Records drawn from a dataset
--------
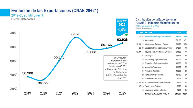 En 2025, las exportaciones del sector químico alcanzaron los 62.926 millones €, registrando un crecimiento del 6,4%, lo que le situó como primer sector exportador de la industria española, al concentrar el 18% de las mercancías vendidas en mercados exteriores, seguido de la automoción (16,1%) y la industria alimentaria (15,2%).
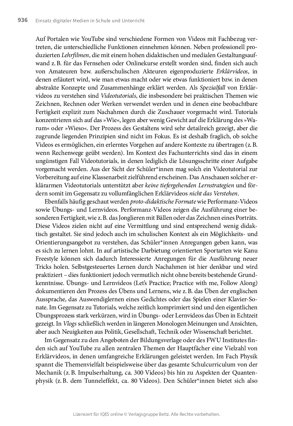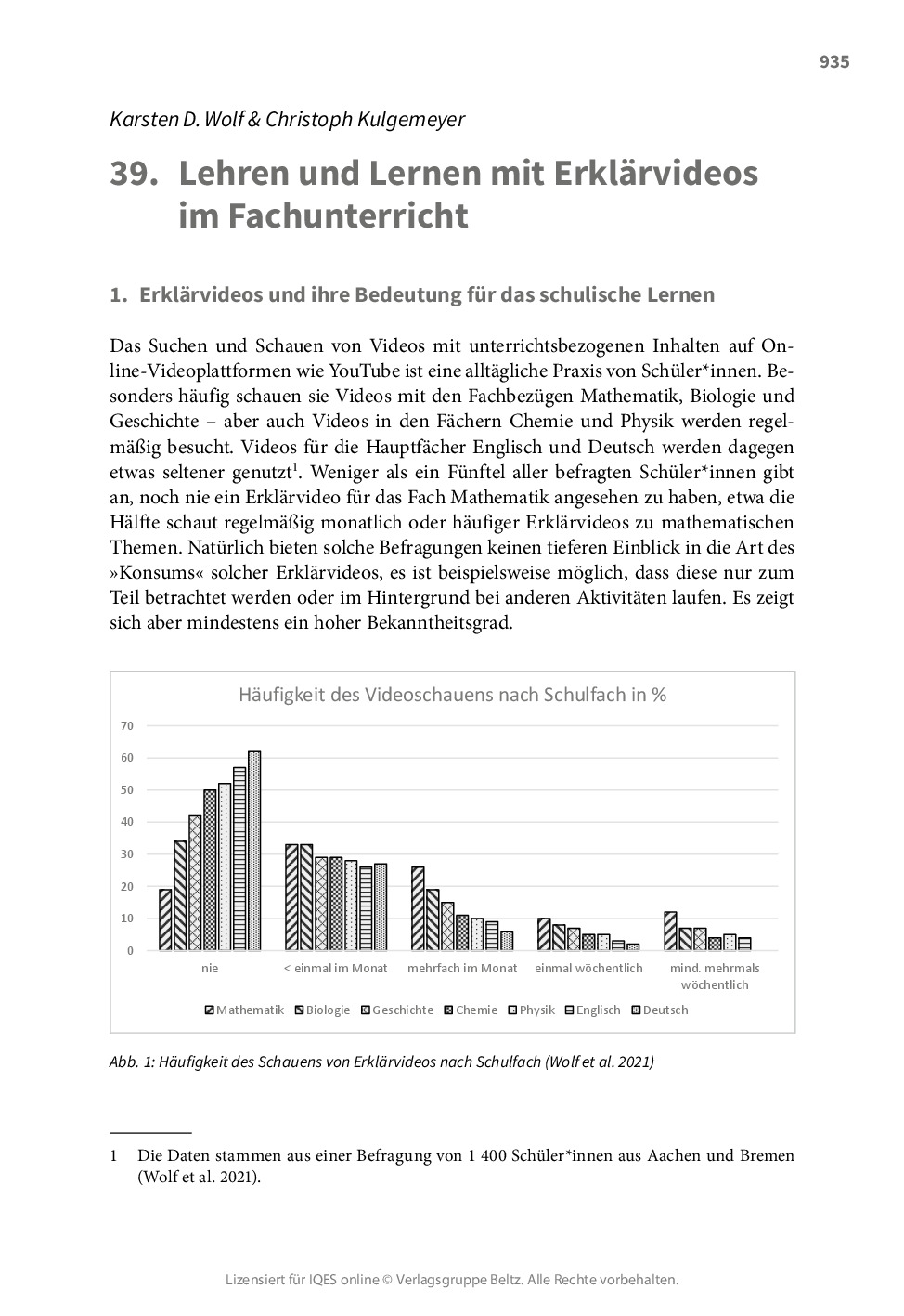Das Suchen und Schauen von Videos mit unterrichtsbezogenen Inhalten auf Online-Videoplattformen wie YouTube ist eine alltägliche Praxis von Schüler:innen. Auch wenn Erklärvideos von den Schüler:innen intensiv genutzt werden und eine hohe Akzeptanz erfahren, entstehen dadurch möglicherweise Probleme. Wie können nun Erklärvideos effektiv im Unterricht eingesetzt werden? Dazu hilft es, Erklärvideos bezüglich der Produzierenden und der Rezipienten zu systematisieren. Beide Rollen können sowohl von Lehrkräften als auch von Schüler:innen übernommen werden. Wie können Lehrkräfte Erklärvideos für Lernende produzieren (Lehren durch Erklären mit Videos)? Wie können Schüler:innen als Rezipienten von Erklärvideos profitieren (Lernen mit Erklärvideos)? Wie können Lernende selbst Erklärvideos produzieren (Lernen durch Erklären mit Videos)?
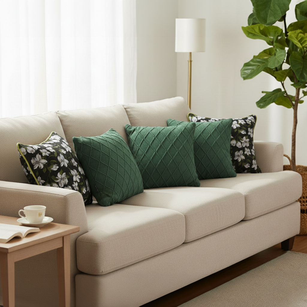 Textured Decorative Design: Diamond knit patterns paired with floral motifs add tactile comfort, depth, and charm.
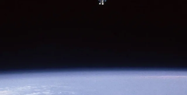 Знімок шаттла "Челленджер", зроблений камерою на шоломі Брюса Маккендлесса II, коли той ширяв у відкритому космосі
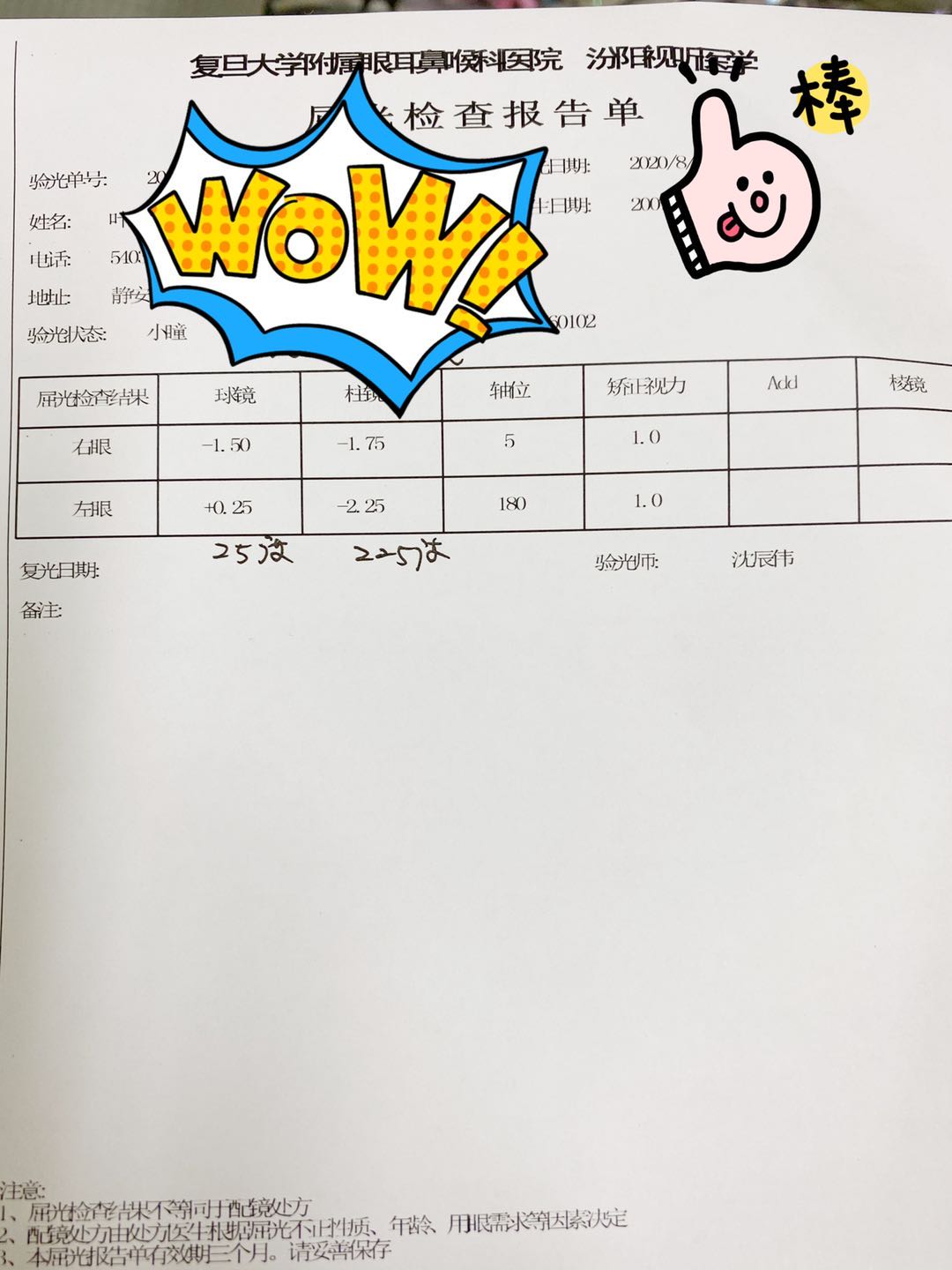 11点半左右,小叶终于被叫进小黑屋,一位男医师熟练地对他进行一番手动插片验光,忙活了10来分钟,验得很仔细,最后交待了一句“散光有点厉害噢!”就不再多话,让他们直接去2楼拿验光单。在急诊楼2楼配镜处,小叶从配镜阿姨手上接过验光单——右眼球镜-1.50,柱镜-1.75;左眼球镜+0.25,柱镜-2.25。这意味着,小叶右眼150度近视,175度散光;左眼25度远视,225度散光。
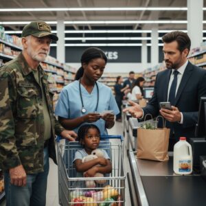 I stood in that checkout line, an invisible seventy-four-year-old man, watching a mother in scrubs tremble as a stranger in a tailored suit barked, “Get a job!” right in her face. He didn’t see the exhaustion carved under her eyes or the little girl clutching a gallon of milk like a lifeline. He just saw an inconvenience. But when that milk jug hit the floor with a thud that cracked the air open, something woke up inside me that hadn’t moved since 1968. I wasn’t going to let this slide. What happened next silenced the entire store.
--------
Only the lines from the one containing "Textured Decorative Design: Diamond" through the last line of the data belong in the copy, both included and reproduced exactly. Pictures do not.

Your response:
 Textured Decorative Design: Diamond knit patterns paired with floral motifs add tactile comfort, depth, and charm.
 Знімок шаттла "Челленджер", зроблений камерою на шоломі Брюса Маккендлесса II, коли той ширяв у відкритому космосі
 11点半左右,小叶终于被叫进小黑屋,一位男医师熟练地对他进行一番手动插片验光,忙活了10来分钟,验得很仔细,最后交待了一句“散光有点厉害噢!”就不再多话,让他们直接去2楼拿验光单。在急诊楼2楼配镜处,小叶从配镜阿姨手上接过验光单——右眼球镜-1.50,柱镜-1.75;左眼球镜+0.25,柱镜-2.25。这意味着,小叶右眼150度近视,175度散光;左眼25度远视,225度散光。
 I stood in that checkout line, an invisible seventy-four-year-old man, watching a mother in scrubs tremble as a stranger in a tailored suit barked, “Get a job!” right in her face. He didn’t see the exhaustion carved under her eyes or the little girl clutching a gallon of milk like a lifeline. He just saw an inconvenience. But when that milk jug hit the floor with a thud that cracked the air open, something woke up inside me that hadn’t moved since 1968. I wasn’t going to let this slide. What happened next silenced the entire store.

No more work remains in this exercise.